● **Task details**: Please take the records that follow and repeat exactly the lines starting with the line with "What could anyone" and going on through the line with "Опис налобного ліхтаря".

● **Data for analysis**:
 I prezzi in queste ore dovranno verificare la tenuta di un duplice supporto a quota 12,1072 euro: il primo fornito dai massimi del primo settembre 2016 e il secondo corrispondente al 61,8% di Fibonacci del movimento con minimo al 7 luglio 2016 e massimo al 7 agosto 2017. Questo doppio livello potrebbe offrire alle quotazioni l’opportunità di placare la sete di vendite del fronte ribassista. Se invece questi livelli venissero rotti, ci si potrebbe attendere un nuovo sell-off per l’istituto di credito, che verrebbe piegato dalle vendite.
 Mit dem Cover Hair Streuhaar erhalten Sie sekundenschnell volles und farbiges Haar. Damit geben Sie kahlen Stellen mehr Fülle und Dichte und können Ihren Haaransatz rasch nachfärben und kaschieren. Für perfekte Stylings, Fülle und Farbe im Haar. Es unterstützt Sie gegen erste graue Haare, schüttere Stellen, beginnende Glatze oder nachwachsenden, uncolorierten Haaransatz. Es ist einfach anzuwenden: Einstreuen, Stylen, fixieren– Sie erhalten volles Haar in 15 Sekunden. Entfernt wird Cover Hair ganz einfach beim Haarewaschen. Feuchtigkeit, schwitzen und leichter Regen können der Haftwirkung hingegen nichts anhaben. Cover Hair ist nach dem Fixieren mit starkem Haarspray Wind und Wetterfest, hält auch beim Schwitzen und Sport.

* * *

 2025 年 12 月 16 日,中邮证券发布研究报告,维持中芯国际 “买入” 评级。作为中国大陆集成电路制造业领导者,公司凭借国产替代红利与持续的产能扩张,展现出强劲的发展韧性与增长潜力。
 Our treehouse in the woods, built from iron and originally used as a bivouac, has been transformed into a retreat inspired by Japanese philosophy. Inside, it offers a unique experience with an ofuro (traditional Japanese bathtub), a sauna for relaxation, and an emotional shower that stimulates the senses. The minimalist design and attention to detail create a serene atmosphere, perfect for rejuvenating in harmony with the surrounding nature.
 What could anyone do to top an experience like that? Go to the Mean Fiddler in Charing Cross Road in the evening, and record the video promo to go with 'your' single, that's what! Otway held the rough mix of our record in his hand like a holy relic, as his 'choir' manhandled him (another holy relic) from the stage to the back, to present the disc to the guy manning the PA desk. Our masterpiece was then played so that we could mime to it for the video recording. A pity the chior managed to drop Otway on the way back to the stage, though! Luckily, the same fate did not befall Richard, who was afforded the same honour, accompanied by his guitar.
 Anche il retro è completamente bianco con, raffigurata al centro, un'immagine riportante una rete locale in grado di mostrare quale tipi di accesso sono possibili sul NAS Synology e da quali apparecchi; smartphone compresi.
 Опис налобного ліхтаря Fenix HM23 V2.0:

● **Reply to the task**:
 What could anyone do to top an experience like that? Go to the Mean Fiddler in Charing Cross Road in the evening, and record the video promo to go with 'your' single, that's what! Otway held the rough mix of our record in his hand like a holy relic, as his 'choir' manhandled him (another holy relic) from the stage to the back, to present the disc to the guy manning the PA desk. Our masterpiece was then played so that we could mime to it for the video recording. A pity the chior managed to drop Otway on the way back to the stage, though! Luckily, the same fate did not befall Richard, who was afforded the same honour, accompanied by his guitar.
 Anche il retro è completamente bianco con, raffigurata al centro, un'immagine riportante una rete locale in grado di mostrare quale tipi di accesso sono possibili sul NAS Synology e da quali apparecchi; smartphone compresi.
 Опис налобного ліхтаря Fenix HM23 V2.0:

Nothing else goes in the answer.